Member of the Oklahoma House of Representatives from the 72nd district
- In office 1972–1979
- Preceded by: John W. McCune
- Succeeded by: Don McCorkell

Personal details
- Born: August 13, 1938 Grady County
- Died: December 12, 2011 (aged 73) Tulsa, Oklahoma
- Political party: Democratic

= Mandell Matheson =

Former American journalist and politician

Mandell Matheson was an American journalist and politician who served as a member of the Oklahoma House of Representatives representing the 72nd district between 1972 and 1978. He died December 12, 2011.
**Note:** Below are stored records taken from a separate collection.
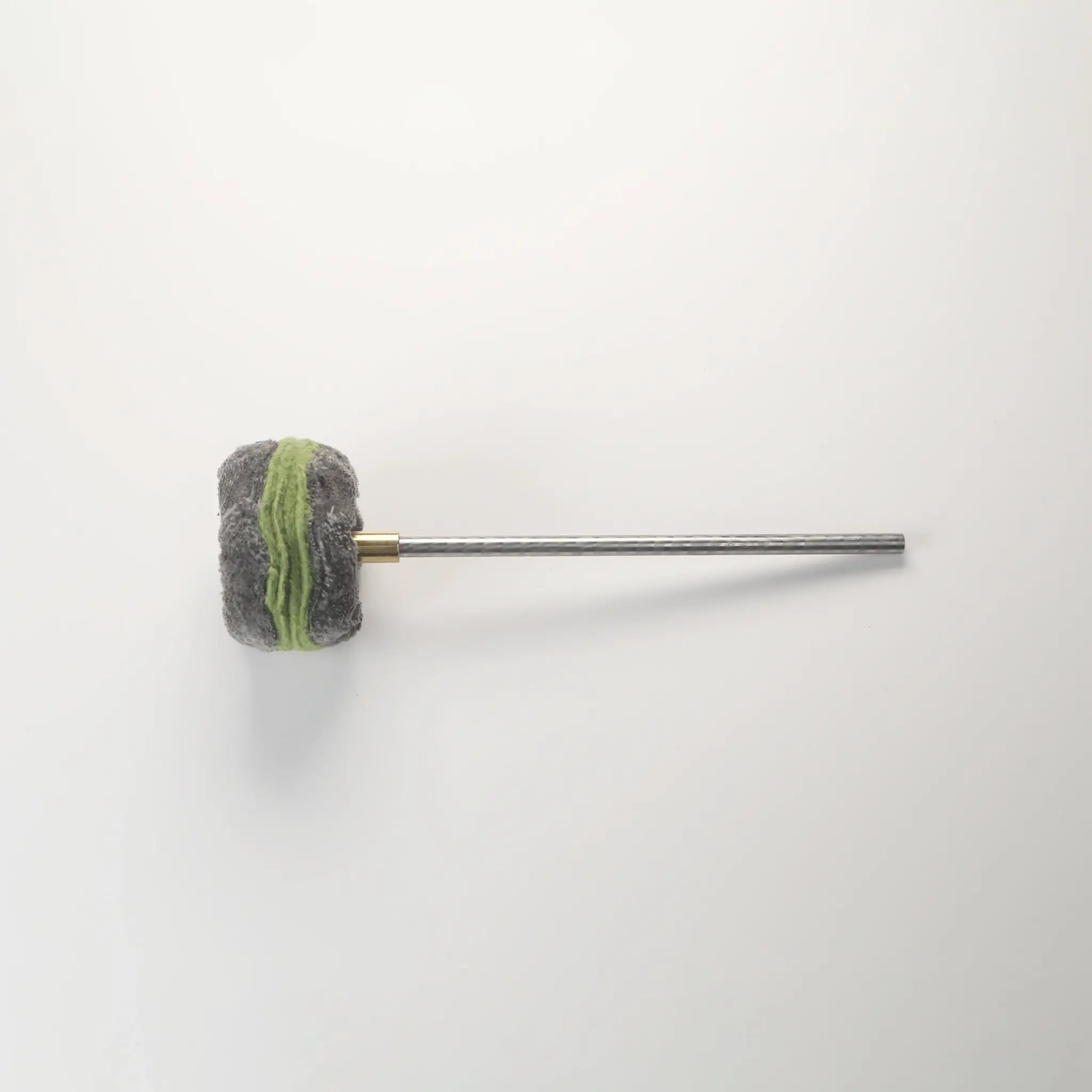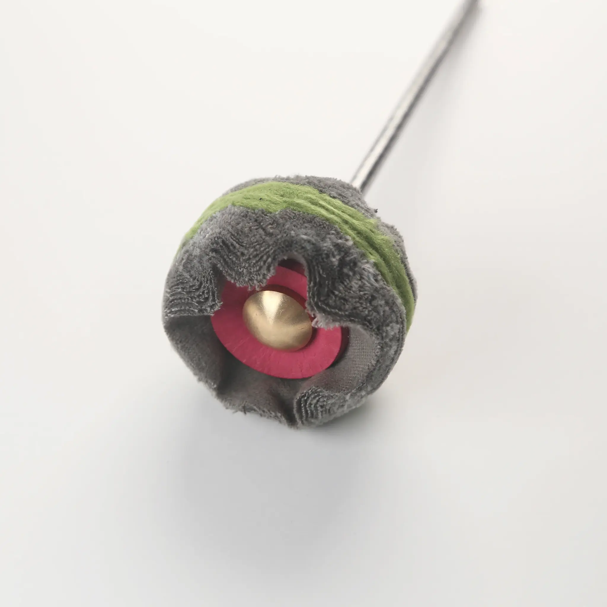 This beater is a perfect hybrid of our Soft Flannel beater and the Big Softy. 4 layers of ultra soft fleece are sandwiched between 32 layers of soft flannel. At 2 ½” in diameter, it is directly in between the 3” Big Softy and 2” Soft Flannel. It gives your bass drum a huge, boomy sound with very little attack. Less give and a little more clarity than the Big Softy, but definitely softer and boomier than the Soft Flannel.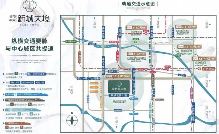 在轨道交通方面:步行约 600 米到达佛山一号线三期新隆站,直接连同禅城、桂城和广州, 未来 3 站可以到达佛山新城,4 站通城南。(目前规划中) 另外连接广州、佛山、江门和珠海四个大湾区核心城市的广佛江珠城轨,其中一个站点—— 乐从站,也设在项目周边,可以非常方面去到这四个城市。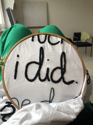 Die Nadel, die sich meditativ ihren Weg durch den Stoff bahnt.
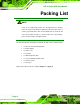 AFL-4 Series-N270 User Manual Packing List NOTE: If any of the components listed in the checklist below are missing, please do not proceed with the installation. Contact the IEI reseller or vendor you purchased the AFL-4 Series-N270 from or contact an IEI sales representative directly. To contact an IEI sales representative, please send an email to sales@iei.com.tw. The items listed below should all be included in the AFL-4 Series-N270 package.

==Early life and education==
Matheson was born on August 13, 1938, in Grady County. He attended school near Tabler, Oklahoma until his family moved to Capitol Hill in Oklahoma City. He started working as a newspaper photographer while attending Capitol Hill High School, where he later graduated.

==Career==
Matheson worked as a journalist in Oklahoma City, Tulsa, and Indianapolis. He also served in the United States Marine Corps and worked for the Oklahoma Highway Patrol. In 1969 he was the Tulsa Tribune’s capitol bureau.

==Political career==
Matheson left journalism in 1970 to work for David Hall's gubernatorial campaign.

===Oklahoma House of Representatives===
Matheson was elected to the Oklahoma House of Representatives in 1972 and would serve until 1978 when he did not seek re-election.
==Death==
He died in his home in Tulsa, Oklahoma on December 12, 2011.